First of all, I’d like to wish everyone a very Happy New Year (a bit late I suppose, but better late than never!) and I hope that you all enjoyed your holidays and have returned to work refreshed and suitably focused upon the year ahead. Good luck in all your ventures. In an attempt to tie up the loose ends of articles published last year in Drug Discovery Today, that perhaps didn’t fit into an obvious category for previous (or future) Editor’s Choice newsletters, I have selected 4 articles that I found particularly interesting and potentially impactful. I hope that you agree with me, but as this is a personal choice, I won’t be offended if you don’t. I suppose that one thing that most of the articles have in common is that they do not deal with the science of discovery, but more with collaboration and regulatory processes.
The first article (which actually deals with some of the science underpinning drug discovery) is from Nathan Fuller, Loredana Spadola, Scott Cowen, Joe Patel, Heike Schönherr, Qing Cao, Andrew McKenzie, Fredrik Edfeldt, Al Rabow and Robert Goodnow of AstraZeneca, entitled: “An improved model for fragment-based lead generation at AstraZeneca”. The article describes those operational changes that were introduced by AstraZeneca in order to improve the process, with respect to efficiency and productivity. Specifically, this process dealed with their fragment-based screening efforts; this approach highlighted how 2D and 3D fragments provided complementary hits that allowed exploration of binding sites and eventually the potential to generate lead series.
The second featured article is by Per I. Arvidsson, Kristian Sandberg and Karin Forsberg-Nilsson of the Karolinska Institute and Uppsala University, Sweden is entitled: “Open for collaboration: an academic platform for drug discovery and development at SciLifeLab”. This deals with how SciLifeLab provides industry-standard platforms to facilitate drug discovery in the academic sector in Sweden. They overview their first 2 years of operation in order to highlight and share best practices on a global basis. The article also discusses the Swedish Teacher Exemption Law, how it has impacted on the initiative and developed the overall process. Furthermore, they describe how best to facilitate collaboration for the benefit of patients.
Next, from Ajay Gautam, of AstraZeneca comes a short paper entitled: “The changing model of big pharma: impact of key trends”. The author outlines how, in the last few years, the Pharmaceutical industry has been highly successful in terms of discovering and developing phenomenal advances in drugs for the treatment of a range of diverse diseases, this has come with equally great challenges with respect to pricing and reimbursement. He has analysed data from the last 20 years and has identified 4 key themes driving change in strategic direction and the impact of emerging markets in terms of revenue generation.

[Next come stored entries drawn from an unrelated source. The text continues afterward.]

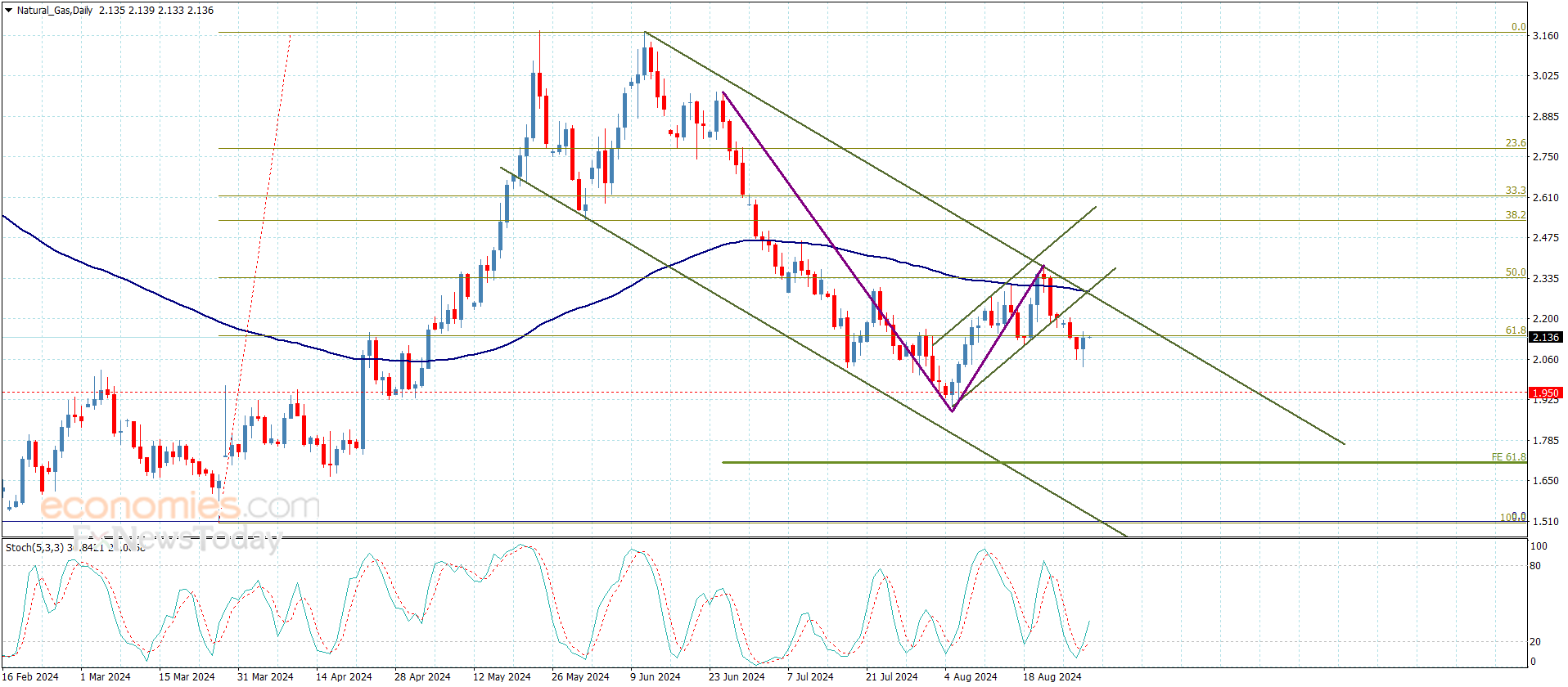 أكد سعر الغاز استسلامه لسيطرة الميل الهابط بتشكيله مؤخرا لقناة هابطة جديدة لنعتمد على ثبات المقاومة الرئيسية الممتدة نحو 2.285$ لتفعيل الهجوم السلبي من جديد.
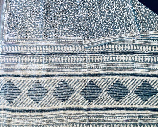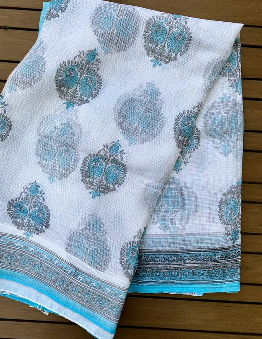 Kota Doria Saree w/ Bagru Hand block Print- White/ Light blue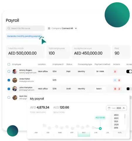 Effortless management, multiple payrolls, real-time tracking, and rich reporting. Your payroll, perfected.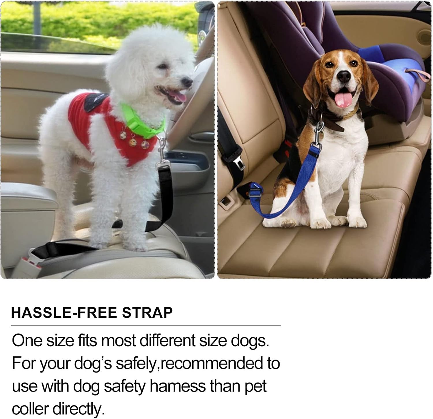 - 【Protecting pet】: Pets are a part of the family, so let's protecte them ! Dog seat belt for dogs has a 360 degree rotating clasp with adjustable straps, to ensure your pet can sit, lay, or stand comfortably.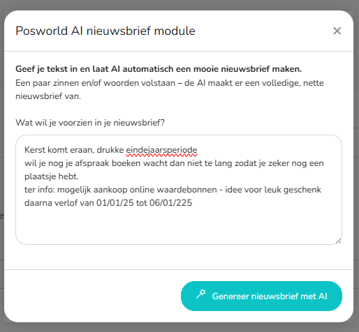 Heb je geen inspiratie om mooie teksten te schrijven? Maak dan gebruik van de AI assistent die ingebouwd zit in deze module. Zo kan je heel snel in enkele ogenblikken mooie en professionele brieven versturen.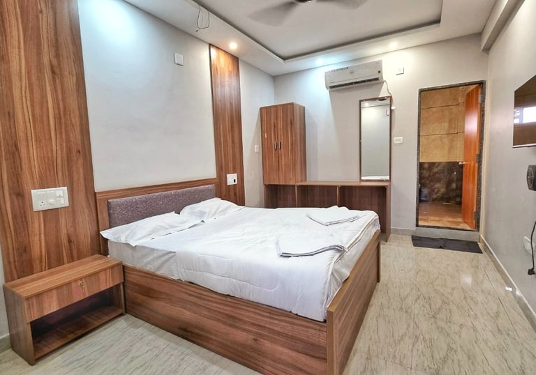 We offer three well-appointed single bedrooms, each designed for comfort and convenience. Every room features a spacious layout with a king-size bed, attached bathroom with geyser, air conditioning, wardrobe, study table, TV with cable connection, and high-speed Wi-Fi — perfect for a relaxing and connected stay.

Last, but by no means least, is the article “Transparency in drug regulation: public assessment reports in Europe and Australia” from Peter Papathanasiou, Laurent Brassart, Paul Blake, Anna Hart, Lel Whitbread, Richard Pembrey and Jill Kieffer from the Therapeutic Goods Administration, Australia and the European Medicines Agency, London, UK. They describe the experiences of both agencies with respect to publishing public assessment reports and how they may most effectively disseminate information related to medicine to the general public. Valuably, they discuss European Public Assessment Reports (EPARs) and Australian Public Assessment Reports (AusPARs) and provide information about the considerations that led the particular regulator to approve or refuse the application.
Steve Carney was born in Liverpool, England and studied Biochemistry at Liverpool University, obtaining a BSc.(Hons) and then read for a PhD on the Biochemistry and Pathology of Connective Tissue Diseases in Manchester University, in the Departments of Medical Biochemistry and Histopathology. On completion of his PhD he moved to the Kennedy Institute of Rheumatology, London, where he worked with Professor Helen Muir FRS and Professor Tim Hardingham, on the biochemistry of experimental Osteoarthritis. He joined Eli Lilly and Co. and held a number of positions in Biology R&D, initially in the Connective Tissue Department, but latterly in the Neuroscience Department. He left Lilly to take up his present position as Managing Editor, Drug Discovery Today, at Elsevier. Currently, he also holds an honorary lectureship in Drug Discovery at the University of Surrey, UK. He has authored over 50 articles in peer-reviewed journals, written several book chapters and has held a number of patents.